╭─ RECORDS FOR THE TASK
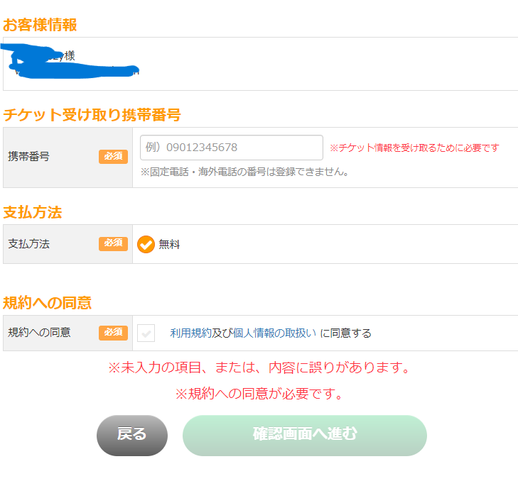 この画面では、最後の確認のために携帯番号と規約への同意を入力します。
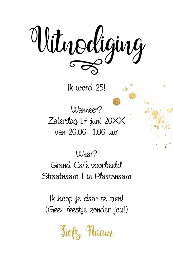 Grappige uitnodigingskaart voor je verjaardag met leuke typografische teksten. Nodig op een ludieke manier al je vrienden uit voor een leuk feestje.
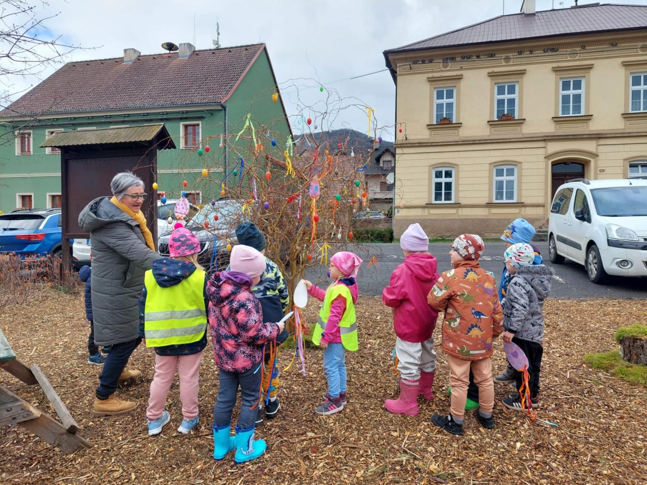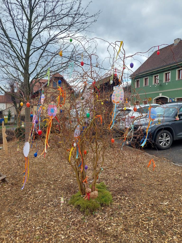 Děkujeme kolektivu a dětem z MŠ Brouček za krásné dozdobení našeho "velikonočního stromku" v parčíku na návsi.
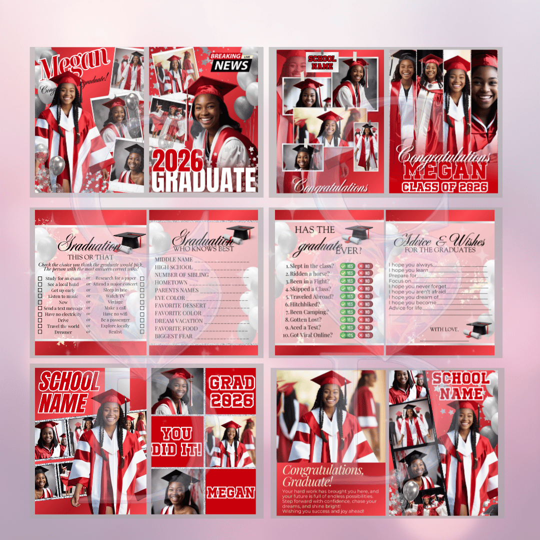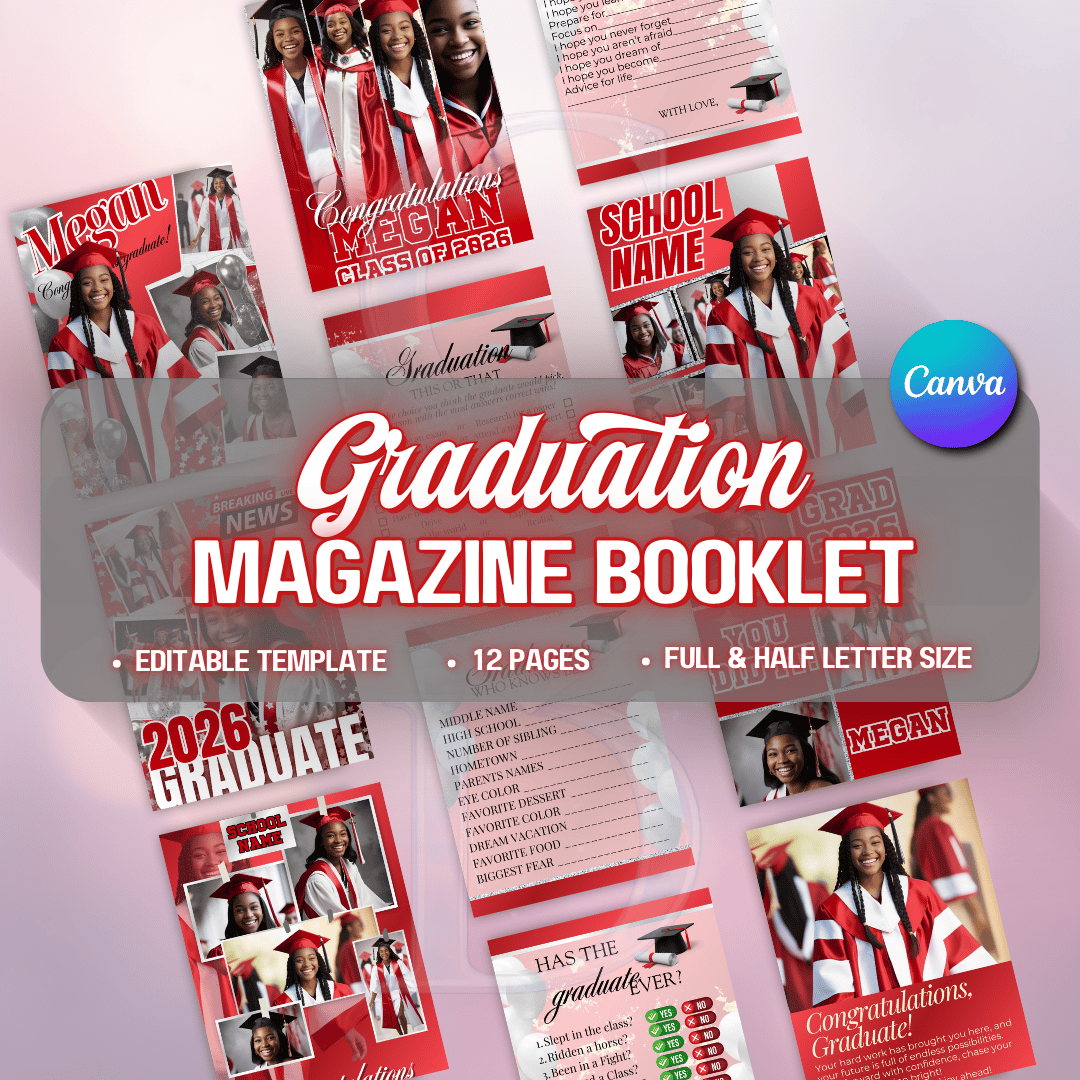 Celebrate your graduate with something that feels personal, polished, and beautifully put together. This 12-page Graduation Activity Booklet is designed to turn a graduation party into an experience. Thoughtful prompts. Interactive pages. A keepsake your graduate will actually want to keep. With a bold red design and clean layout, this editable Canva template makes it easy to create a custom booklet that looks professionally designed—without the overwhelm.
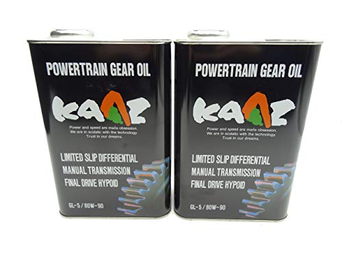 KAAZ POWER TRAIN GEAR OIL GL-5 80W-90は、優れた耐摩耗性と高温特性を持つギアオイルです。2L缶が2本セットで、軽自動車からトラックまで幅広く対応しています。
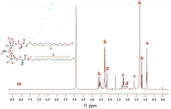 1H NMR spectra are an important method to detect the structure of organic compounds, which is an important supplement to FTIR []. The 1H-NMR spectra of GOHAC surfactant are shown in Figure 4. The 1H-NMR (Methanol-d4) data are shown as follows: δ: 3.65–3.44 (m, 8H), 3.27 (d, J = 6.3 Hz, 12H), 3.23–3.08 (m, 3H), 2.26–2.14 (m, 4H), 1.60 (p, J = 7.3 Hz, 4H), 1.31 (q, J = 6.4, 4.3 Hz, 19H), 1.28 (s, 33H), 1.17 (t, J = 7.0 Hz, 3H) and 0.94–0.86 (m, 6H).
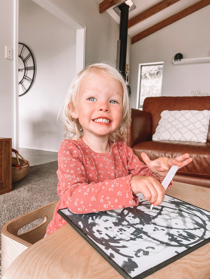 Your little artist can create their masterpieces in any way they’d like, whether that be with a paintbrush, their hands or a sponge. Paired with our new water pens, this activity is truly travel-ready, as the pens store water inside. The ultimate in mess-free creativity.
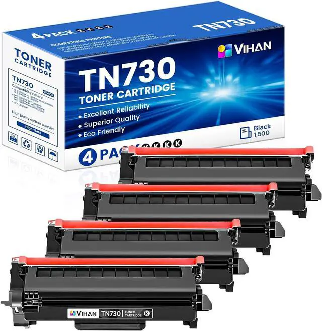 Package Contents: VIHAN 4 Packs TN730 TN-730 Black toner Replacement for Brother TN730 TN-730 toner cartridge.
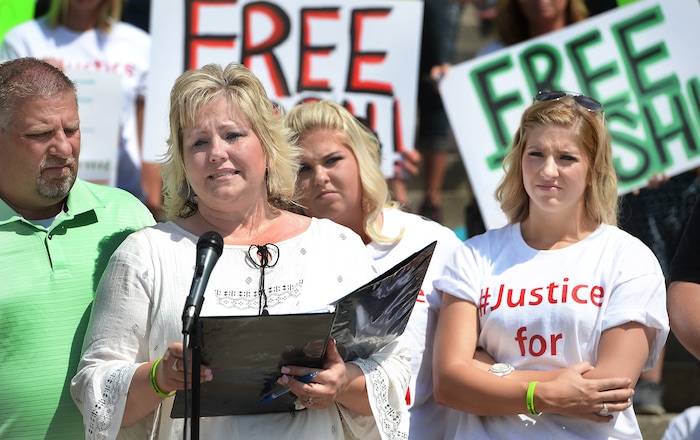 Laurie Holt, Josh Holt's mother speaks at a rally on the east steps of the Utah State Capitol calling for the release of her 24-year-old son Josh Holt, who is currently jailed in Venezuela, Saturday, July 30, 2016. At left is her husband Jason Holt, with Josh's sisters Katie, and Jenna Holt, far right.
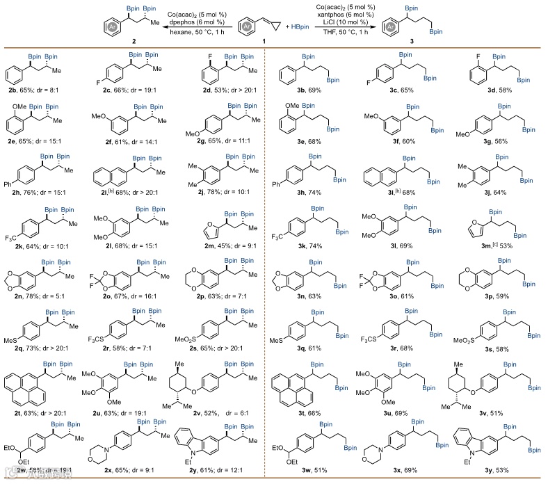 在最优反应条件下,作者探索了反应的底物范围。一系列亚甲基环丙烷的芳环上取代基进行考察,无论吸电子、给电子芳基或杂环,都能以良好的收率,高选择性分别得到1,3-和1,4-二硼目标产物,反应中底物官能团兼容性也很好。值得指出的是,在最优反应条件下得到的1,3-二硼产物都具有优秀的dr值。
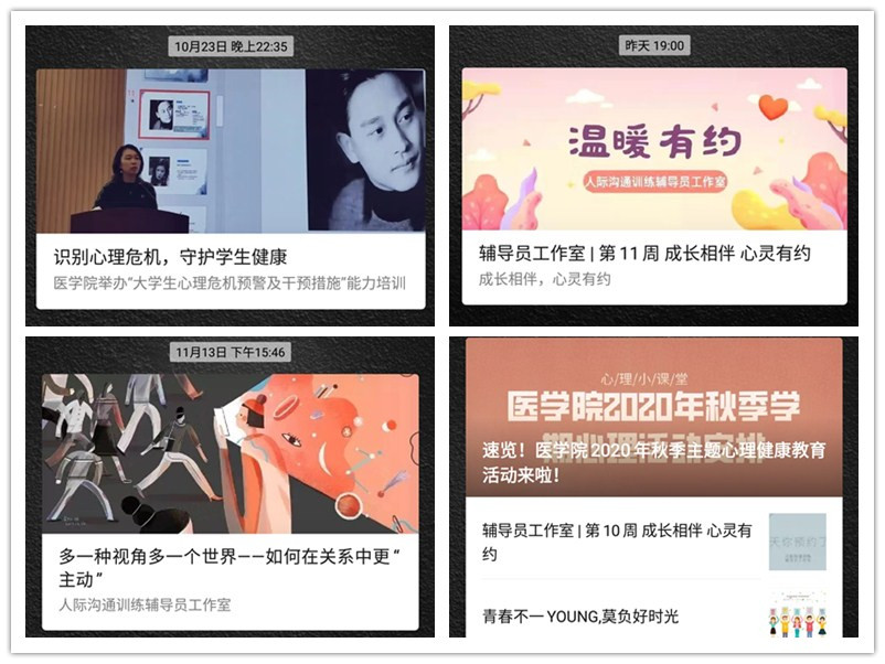 10月至11月,以“学习有效沟通,提升人际关系”为主题的多场团辅、“新起点,心动力”心理班会课、“心沟通,新成长”主题微文宣传等活动先后在医学院顺利进行。学院围绕心理危机干预、新生入学适应、人际关系沟通等主题累计策划和组织了包括主题培训、主题讲座、主题团辅、主题宣传、主题咨询等在内的五大类近20场心理健康教育活动。丰富多彩的活动覆盖了学院全体本科生新生和研究生新生,众多的高年级学生、研究生导师和专任教师也积极参与其中,参与对象涉及广泛。
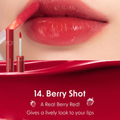 Màu son Romand Juicy Lasting Tint 14 Berry Shot ngay khi ra mắt đã trở thành tâm điểm của sự chú ý với các tín đồ làm đẹp. Đây là một màu son vô cùng nổi bật và cuốn hút, mang tông màu berry đỏ ngọt ngào, vừa đủ trầm để tạo nên sự sang trọng, vừa đủ rực rỡ để tôn lên vẻ quyến rũ của đôi môi.
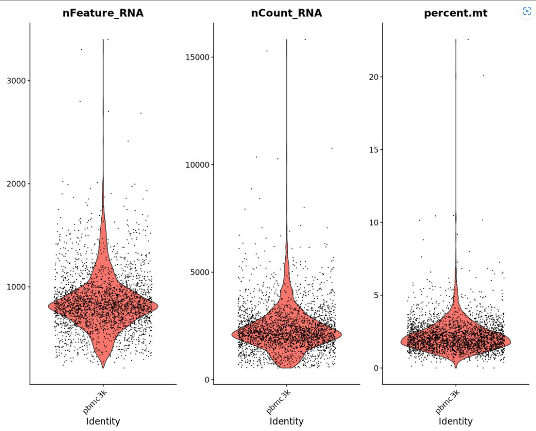 pbmc["percent.mt"] <- PercentageFeatureSet(pbmc, pattern = "^MT-")
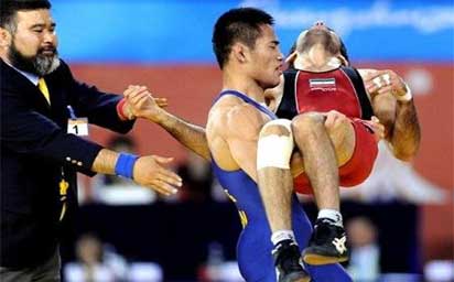 亚运赛场上中国名将抱受伤对手下场
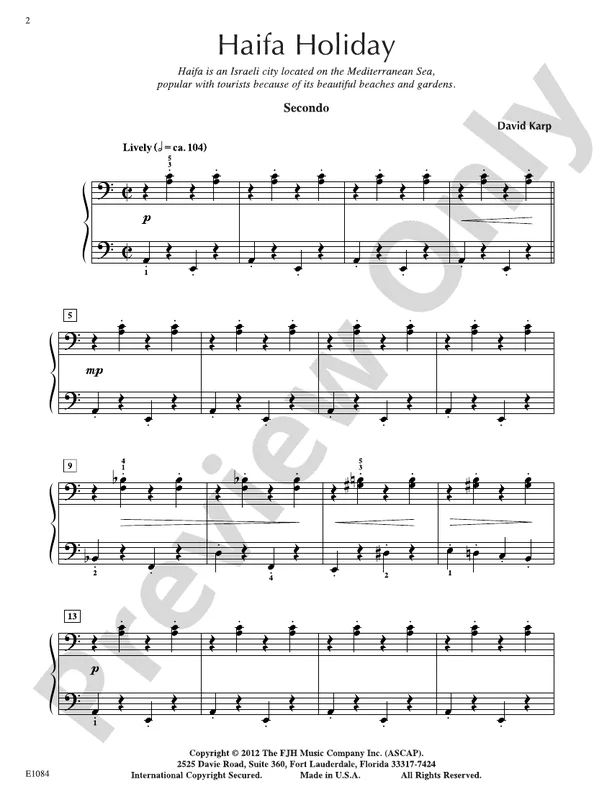 Haifa Holiday - Piano (Digital Download)
╰─
* [EXERCISE REQUIREMENTS]: All entries above should be returned exactly, apart from their pictures.

* [RESPONSE BELOW]:
 この画面では、最後の確認のために携帯番号と規約への同意を入力します。
 Grappige uitnodigingskaart voor je verjaardag met leuke typografische teksten. Nodig op een ludieke manier al je vrienden uit voor een leuk feestje.
 Děkujeme kolektivu a dětem z MŠ Brouček za krásné dozdobení našeho "velikonočního stromku" v parčíku na návsi.
 Celebrate your graduate with something that feels personal, polished, and beautifully put together. This 12-page Graduation Activity Booklet is designed to turn a graduation party into an experience. Thoughtful prompts. Interactive pages. A keepsake your graduate will actually want to keep. With a bold red design and clean layout, this editable Canva template makes it easy to create a custom booklet that looks professionally designed—without the overwhelm.
 KAAZ POWER TRAIN GEAR OIL GL-5 80W-90は、優れた耐摩耗性と高温特性を持つギアオイルです。2L缶が2本セットで、軽自動車からトラックまで幅広く対応しています。
 1H NMR spectra are an important method to detect the structure of organic compounds, which is an important supplement to FTIR []. The 1H-NMR spectra of GOHAC surfactant are shown in Figure 4. The 1H-NMR (Methanol-d4) data are shown as follows: δ: 3.65–3.44 (m, 8H), 3.27 (d, J = 6.3 Hz, 12H), 3.23–3.08 (m, 3H), 2.26–2.14 (m, 4H), 1.60 (p, J = 7.3 Hz, 4H), 1.31 (q, J = 6.4, 4.3 Hz, 19H), 1.28 (s, 33H), 1.17 (t, J = 7.0 Hz, 3H) and 0.94–0.86 (m, 6H).
 Your little artist can create their masterpieces in any way they’d like, whether that be with a paintbrush, their hands or a sponge. Paired with our new water pens, this activity is truly travel-ready, as the pens store water inside. The ultimate in mess-free creativity.
 Package Contents: VIHAN 4 Packs TN730 TN-730 Black toner Replacement for Brother TN730 TN-730 toner cartridge.
 Laurie Holt, Josh Holt's mother speaks at a rally on the east steps of the Utah State Capitol calling for the release of her 24-year-old son Josh Holt, who is currently jailed in Venezuela, Saturday, July 30, 2016. At left is her husband Jason Holt, with Josh's sisters Katie, and Jenna Holt, far right.
 在最优反应条件下,作者探索了反应的底物范围。一系列亚甲基环丙烷的芳环上取代基进行考察,无论吸电子、给电子芳基或杂环,都能以良好的收率,高选择性分别得到1,3-和1,4-二硼目标产物,反应中底物官能团兼容性也很好。值得指出的是,在最优反应条件下得到的1,3-二硼产物都具有优秀的dr值。
 10月至11月,以“学习有效沟通,提升人际关系”为主题的多场团辅、“新起点,心动力”心理班会课、“心沟通,新成长”主题微文宣传等活动先后在医学院顺利进行。学院围绕心理危机干预、新生入学适应、人际关系沟通等主题累计策划和组织了包括主题培训、主题讲座、主题团辅、主题宣传、主题咨询等在内的五大类近20场心理健康教育活动。丰富多彩的活动覆盖了学院全体本科生新生和研究生新生,众多的高年级学生、研究生导师和专任教师也积极参与其中,参与对象涉及广泛。
 Màu son Romand Juicy Lasting Tint 14 Berry Shot ngay khi ra mắt đã trở thành tâm điểm của sự chú ý với các tín đồ làm đẹp. Đây là một màu son vô cùng nổi bật và cuốn hút, mang tông màu berry đỏ ngọt ngào, vừa đủ trầm để tạo nên sự sang trọng, vừa đủ rực rỡ để tôn lên vẻ quyến rũ của đôi môi.
 pbmc["percent.mt"] <- PercentageFeatureSet(pbmc, pattern = "^MT-")
 亚运赛场上中国名将抱受伤对手下场
 Haifa Holiday - Piano (Digital Download)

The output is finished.